Two days later, the bridge was closed for repairs that lasted two years and cost millions of dollars.
"The phenomenon was that people who were walking at random, at their own favorite speed, not organized in any way spontaneously synchronized," Steven Strogatz of Cornell University, who published a study on The Millennium Bridge's wobble in 2005, told RedOrbit. "That's the phenomenon. Why did they all start moving in step? They did it unconsciously. That is what nobody had thought about and engineers did not anticipate."
The phenomenon, called "synchronous lateral excitation" or "phase-locking," occurs when the natural sway of a walking crowd matches the frequency of a bridge with lateral sway. As the people attempt to adjust their gait to counter the growing wobble of the bridge, they unintentionally exacerbate the sway. For the Millennium Bridge, the critical threshold for causing a frequency match was discovered to be only 165 pedestrians. On opening day, an average of 2,000 crossed the bridge every hour.
Math to the rescue
In an effort to better gauge foot traffic stress on bridge designs, researchers at Georgia State University have devised complex mathematical models to accurately determine the amount of people it takes to make a bridge wobble. The new simulations, which take into account not only the length, width and materials making up the bridge, but also the timing of the footfalls and the force of each step, are the most accurate measurement yet of crowd behavior impact on pedestrian crossings.

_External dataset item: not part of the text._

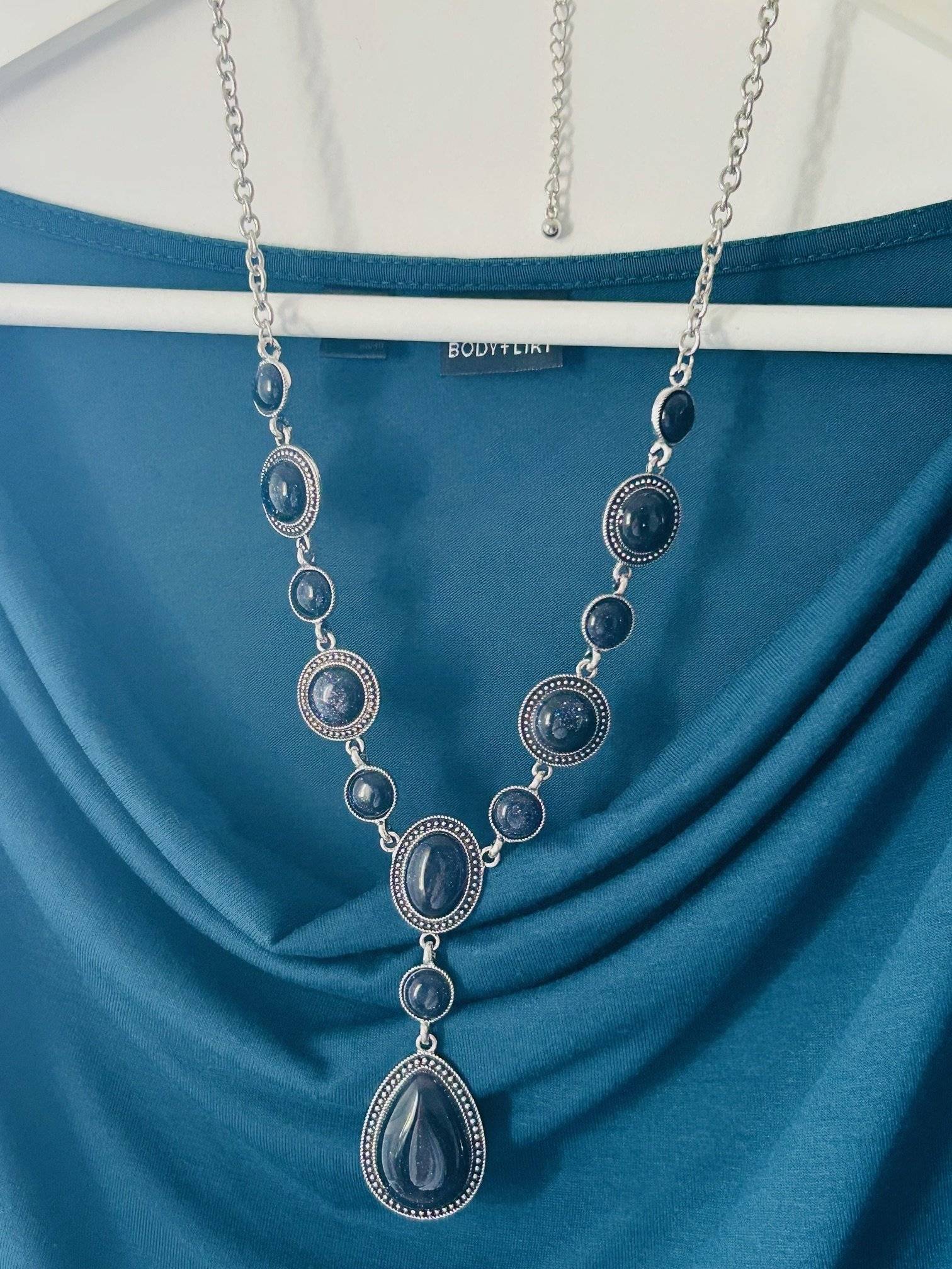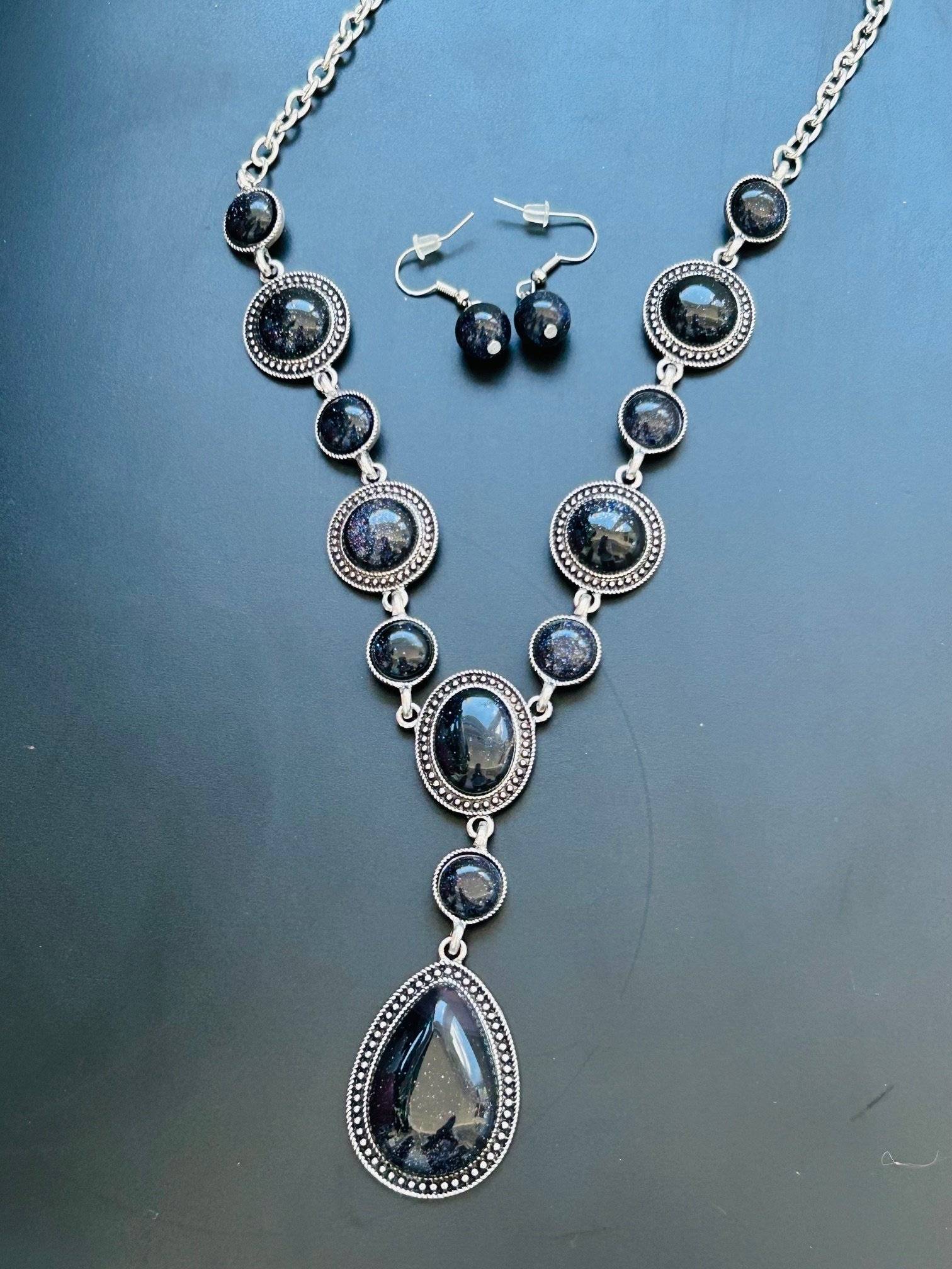- lanț din aliaj inoxidabil cu montură pietre - GOLDSTONE ALBASTRU. Lungime lanț 60 cm.

The study, published in the journal Science Advances, could help to significantly improve building code for pedestrian bridges.

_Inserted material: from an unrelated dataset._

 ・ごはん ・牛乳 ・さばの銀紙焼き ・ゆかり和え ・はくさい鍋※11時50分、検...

"The U.S. code for designing pedestrian bridges does not have explicit guidelines which account for pedestrian or crowd dynamics," researcher Igor Belykh, who led the study, said earlier this year. "That’s the gap we’re trying to fill."
Belykh hopes that his team's research could one day be integrated into the many shared computer programs engineers use to devise pedestrian crossings.
“What we want to do is better help engineers understand the role of pedestrians in the initial formation of a bridge formula and avoid the range of dangerous frequencies, which cannot be identified through conventional linear calculations, to eventually design robust bridges,” he said.